A touch of sound

Chennai doctors help two deaf children hear with an expensive procedure covered under the Chief Minister’s Health Insurance Scheme for the first time

December 03, 2014 01:26 am | Updated November 27, 2021 06:54 pm IST - CHENNAI:

Dr. Kameswaran (extreme right) of MERF with two-year-old Guhan and his parents -- Photo: R. Ragu

Dr. Kameswaran (extreme right) of MERF with two-year-old Guhan and his parents -- Photo: R. Ragu

Two-year-old Guhan has saucer-like ears, pretty large for the rest of his face; as if to make up in form for the lack of function.

Guhan was born profoundly deaf, a rare condition causing it: he did not have an inner ear and auditory nerve, the part that allows us to hear sounds. A cochlear implant could not help him hear, but that’s where his luck turned, in more ways than one.

Doctors at the Madras ENT Research Foundation (MERF) have placed an implant in his brain — a procedure called auditory brainstem implantation (ABI) — which will help the boy distinguish a variety of sounds.

Common birth defect

A year after he was born, Guhan’s parents, Lakshmi and Ilayaraja from Thanjavur, noticed their firstborn was not responding even to loud sounds. That’s when they brought him to Chennai and had him tested for hearing loss.
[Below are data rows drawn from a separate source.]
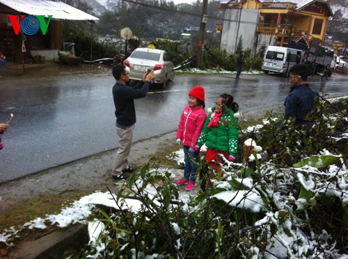 ដោយទទួលបានព័ត៌មានព្រិលថាព្រិលធ្លាក់នៅ Sa Pa នាយប់ថ្ងៃទី៩មករា ភ្ញៀវទេសចរណ៍ជាច្រើននាក់មកពីហាណូយនិងខេត្តក្រុងនានាបានទៅទស្សនា
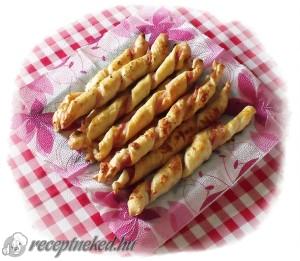 Hozzávalók: 1 csomag leveles tészta 10-12 db bacon 15 dkg füstölt sajt 1 tojás Elkészítése: A sütőt előmelegítjük 200 fokra. A leveles tésztát lisztezett deszkára rakjuk, és akkorára kell kinyújtani, amilyen hosszú a baconszelet. Felverjük a tojást, és lekenjük vele. A sajtot lereszeljük, és (egy kevés kivételével) a tésztára egyenletesen elosztjuk. A bacon szeleteket ráfektetjük […]
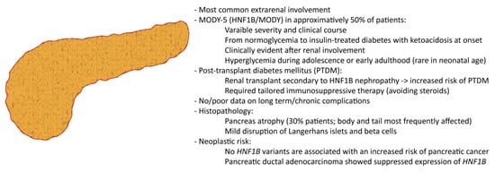 The mechanism of tumor development related to reduced HNF1B levels appeared to be related to a hypermethylation of the promoter region, eventually leading to: (i) loss of the adhesion molecule E-cadherin in neoplastic cells, (ii) expanded epithelial-to-mesenchymal transition, and (iii) increased tumor cell migration [,]. However, no variants of HNF1B have been hitherto associated with an increased risk of pancreatic cancer development []. The main features of pancreatic involvement in HNF1B deficiency are summarized in Figure 3.
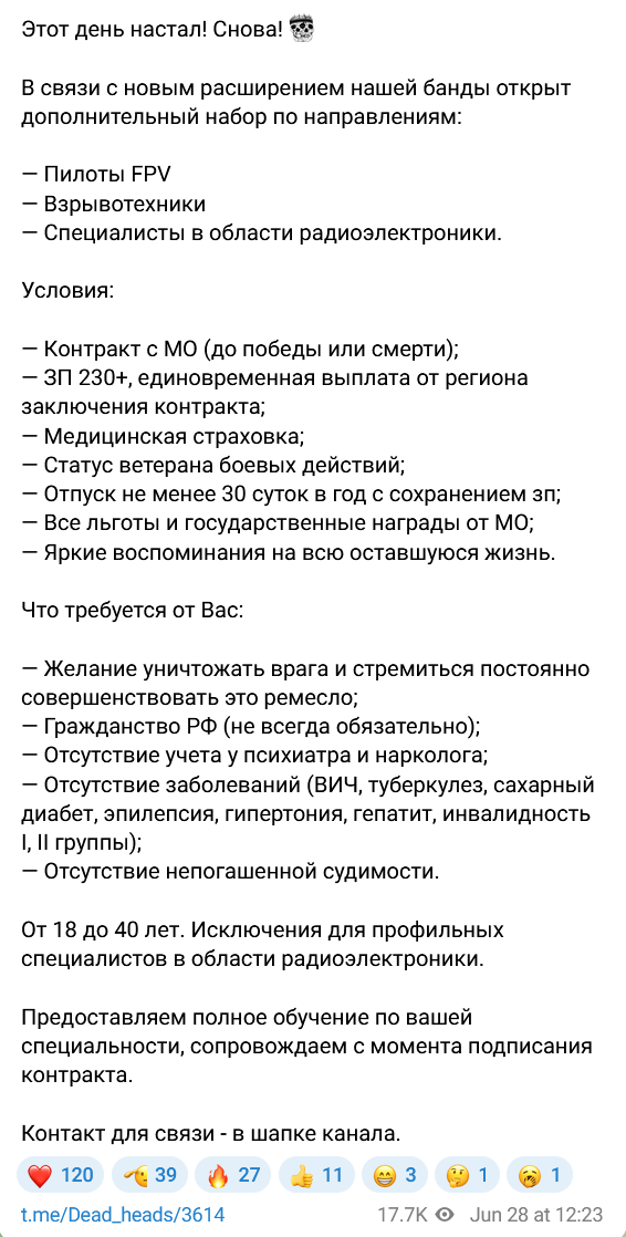 Куда пойти? Есть два стула, собственно заключение контракта на военную службу и в так называемый добробат. Лучше идти в добробат, там не платят региональных и МОшных миллионов за заключение контракта, проблемы с получением корочек убд и соответствующих льгот но зато ты свободный человек который служит только сколько написано в контракте https://rg.ru/documents/2022/11/08/document-federalnyjzakon419.html Заключая контракт на военную службы ты получаешь все эти два с чем то миллиона в Москве но служишь до смерти, или пока ногу руку не оторвало. Если хочется попасть в определенную воинскую часть или добробат то нужно в этой части запросить так называемое отношение, как получить и куда идти с ним спрашивай у вербовщика части или добробата, ну или иди на кпп части и спроси там как к ним попасть на службу. https://t.me/oxranahvk715 https://t.me/BTGR_NEVSKIY Москва больше всего платят https://доброволец.москва/ https://contract.mos.ru/ https://московскийполк.рф/ Кубань https://контракт23.рф/ Санкт-Петербург https://www.gov.spb.ru/contract/ Татарстан https://heroes-tatarstan.ru/ ХМАО https://voin86.ru/ Карачаево-Черкессия https://www.kchr.ru/svo/ Чтобы узнать подробности по выплатам можно загуглить собственно выплаты по регионам или позвонить напрямую в военкомат региона. Давайте очередной раз поговорим про деньги. Первое. С мобов и контрачей берут налог. Поэтому есть нефиговая разница между суммой до и после вычета. Вам по СМИ называют суммы ДО вычета, в целях заманухи и обманки. Мобилизованные в среднем получают около 170-180 000 рублей на руки. Это пехотинцы на разных должностях (от стрелков до пулемётчиков и командиров отделений). Артиллеристы, танкисты и разведчики получают около 190-210 000 рублей, но их меньше, чем пехоты. Связисты получают 186-200 000 рублей. Это мобилизованные, без учёта региональных выплат, как в Москве. Мобы-москвичи получают +50 000 рублей. В сумме около 220-245 000 (градиент от пехоты до арты и танкистов, которые зарабатывают больше других). Главное достоинство мобилизованных — в России они получаем ту же зарплату, что и в Зоне СВО. В отпуске, находясь в госпитале. Это удобно. Например, тебя ранило, с тебя сняли форму, пропитанную кровью и грязью. Тебе нужна новая при возвращении в строй. Берёшь и покупаешь. И заодно про*ную экипировку, аптечку и прочее, что растерял из-за ранения.
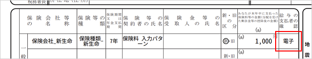 電子的控除証明書で保険情報を登録した場合は、[給与支払者の確認印]欄に[電子]と表示されます
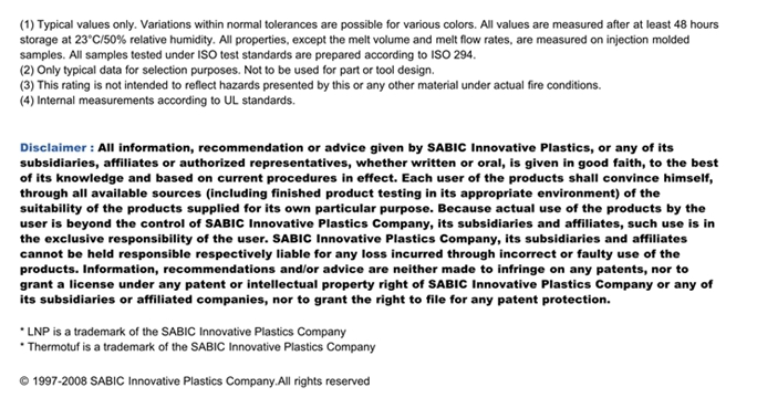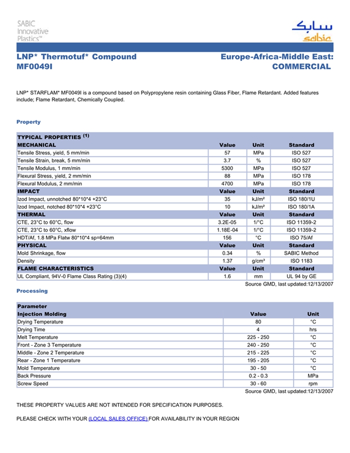 应用范围: 产品描述 LNP THERMOTUF MF0049I物性表 LNP THERMOTUF MF0049I是一种聚丙烯材料,含有的填充物为玻璃纤维增强材料,加工方式为:注射成型。 LNP THERMOTUF MF0049I的主要特性有: 阻燃/额定火焰 通过ROHS认证 Flame Retardant
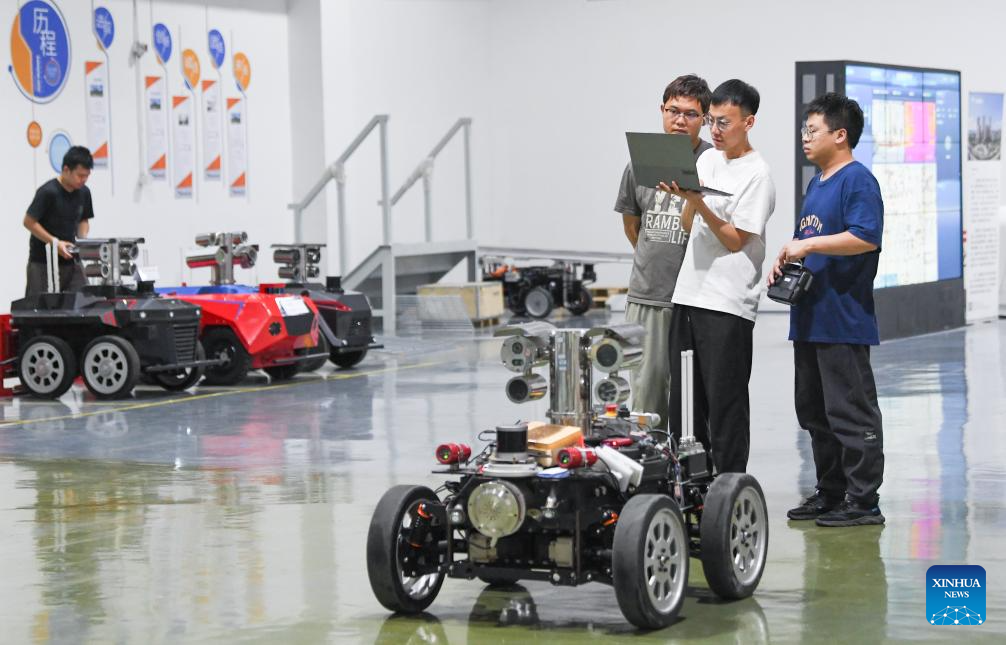 Technicians debug an explosion-proof wheeled robot at Sevnce Robotics in southwest China's Chongqing Municipality, May 27, 2025. In recent years, Chongqing has taken multiple measures to promote the development of robot industry. Now it has formed a whole robot industry chain covering R&D, complete machine manufacturing, testing, system integration, parts matching, talent training and application services.

Doctors at MERF were shocked. “To our utter horror, we found he was in that rare one per cent born without the inner ear. It’s a sinking feeling to tell the parents that the regular cochlear implant that has helped many other kids will not work on their child,” says Mohan Kameswaran, senior ENT surgeon who also heads MERF.

Hearing loss, apparently, is the commonest among birth defects in the world. One in 1,000 children has profound hearing loss. In 99 per cent of cases, it is caused by problems in the inner ear.

In the remaining one per cent, as with Guhan, deafness is caused by the absence of the inner ear and/or the nerve that connects the ear to the brain, says Dr. Kameswaran.

Guhan is not the only one, however. Benina, four-year-old daughter of a painter from Pudukottai, also suffers from the same condition.

“ABI was an option, but the families could not afford it. Under the Chief Minister’s Comprehensive Health Insurance Scheme, funding is given only for cochlear implants. The parents, however, did not give up,” says Dr. Kameswaran.

“We went to different government departments, sometimes without any idea what we were doing. Finally, we landed up at the health department, and sanction was given under the insurance scheme,” says Ilayaraja.

Benina’s father too managed to get sanction for the entire sum of Rs. 18.25 lakh.

A team of neurosurgeons, headed by M.C. Vasudevan of the Voluntary Health Services, worked with Dr. Kameswaran and a team of audiologists over five hours to place the implant in the brain.

Guhan had his surgery on November 11, and Benina, on November 28. Doctors say intensive audio and speech therapy must follow, in order to assist them to first hear sounds, and then, make sense of it.

There is hope, though. Sri Akshaya, a five-year-old who had a brainstem implant a year ago, gives them that optimism. She can now hear and speak and wears her tiny earpiece with panache. What’s more, she even goes to regular school. Hear! Hear!